- _DATA SECTION_
==========

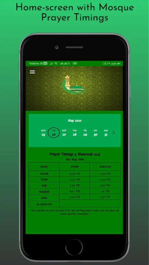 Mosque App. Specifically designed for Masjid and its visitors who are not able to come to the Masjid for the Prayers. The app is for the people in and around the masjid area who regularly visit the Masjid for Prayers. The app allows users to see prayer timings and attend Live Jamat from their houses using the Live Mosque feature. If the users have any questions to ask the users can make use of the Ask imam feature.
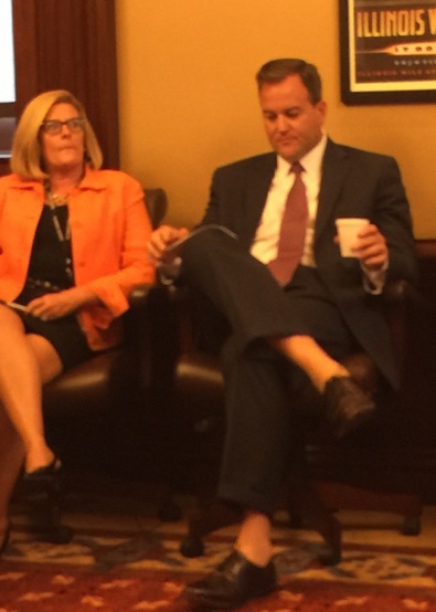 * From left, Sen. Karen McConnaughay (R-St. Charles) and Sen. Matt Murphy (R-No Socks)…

==========

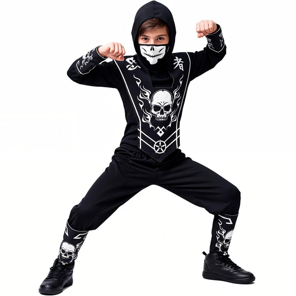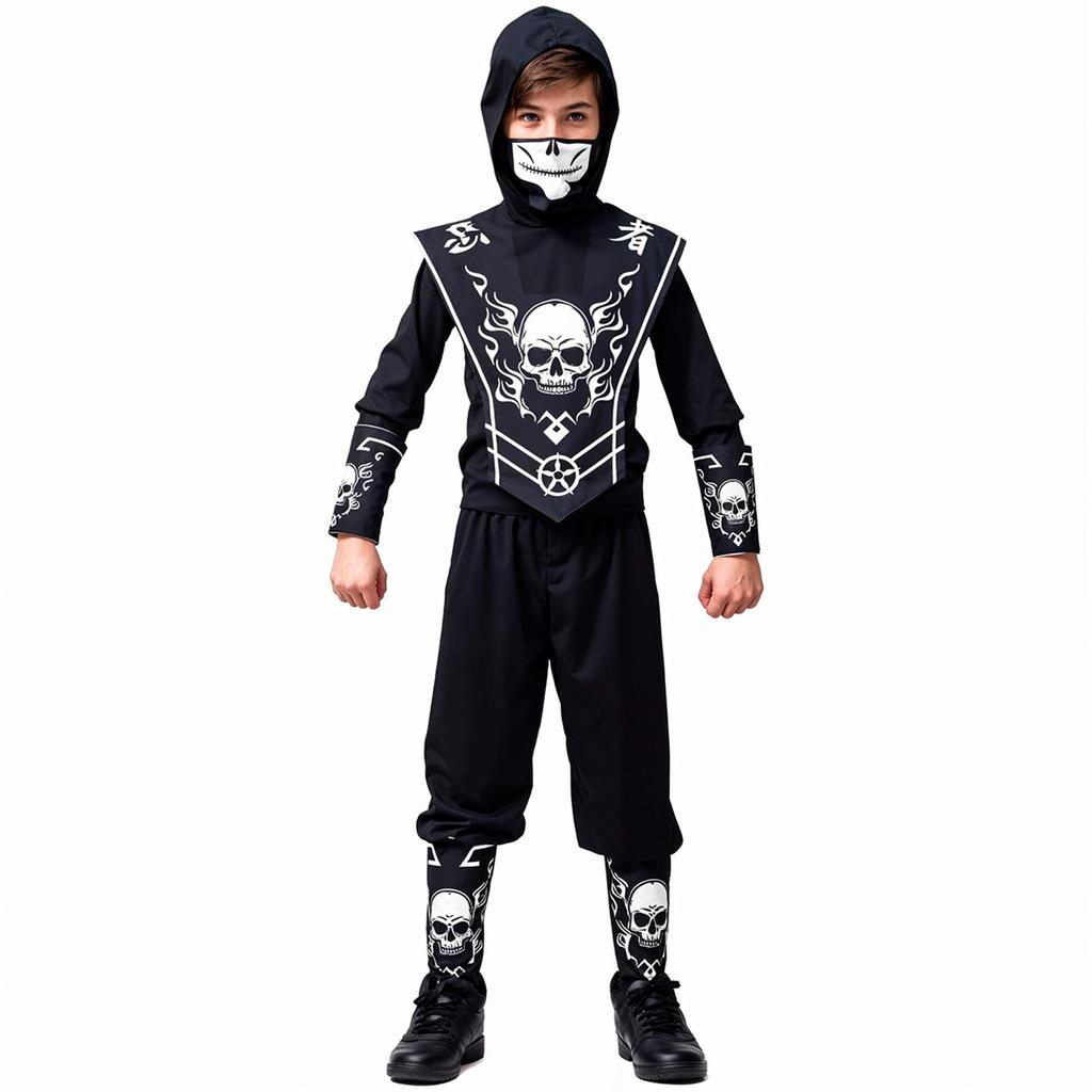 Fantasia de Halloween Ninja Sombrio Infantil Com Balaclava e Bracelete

==========

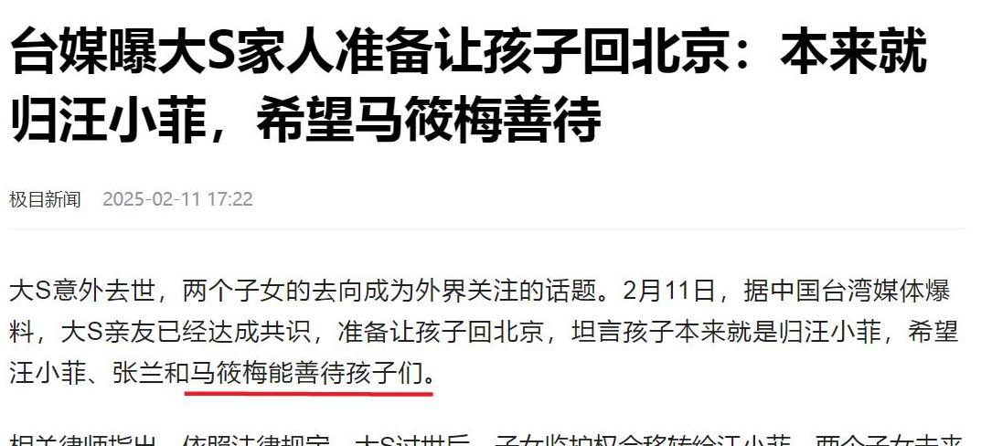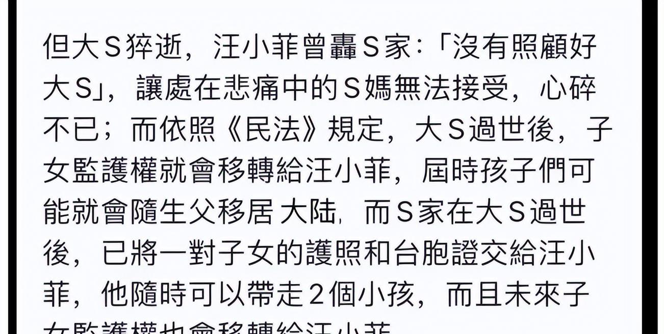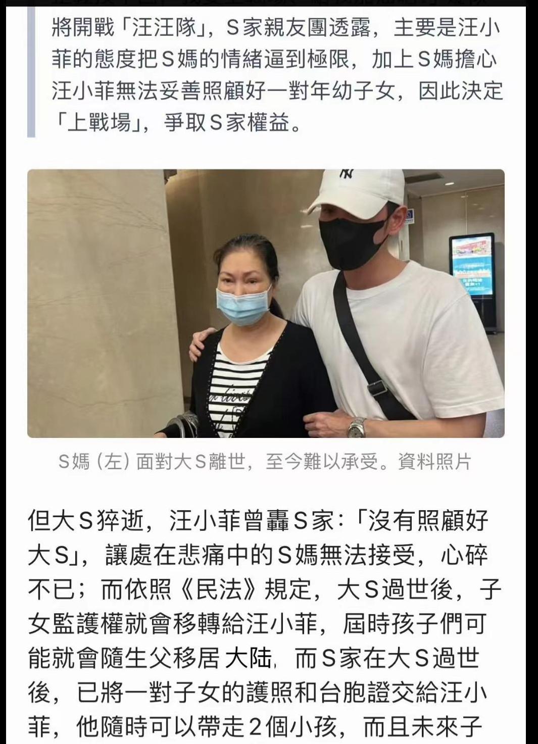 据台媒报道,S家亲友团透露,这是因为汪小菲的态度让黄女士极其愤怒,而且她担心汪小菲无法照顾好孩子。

==========

Range to copy from the listing above: the line containing "Mosque App. Specifically" down to the line containing "Murphy (R-No Socks)…", both included. Reproduce it exactly, minus the pictures, and add nothing.

- _TASK OUTPUT_
 Mosque App. Specifically designed for Masjid and its visitors who are not able to come to the Masjid for the Prayers. The app is for the people in and around the masjid area who regularly visit the Masjid for Prayers. The app allows users to see prayer timings and attend Live Jamat from their houses using the Live Mosque feature. If the users have any questions to ask the users can make use of the Ask imam feature.
 * From left, Sen. Karen McConnaughay (R-St. Charles) and Sen. Matt Murphy (R-No Socks)…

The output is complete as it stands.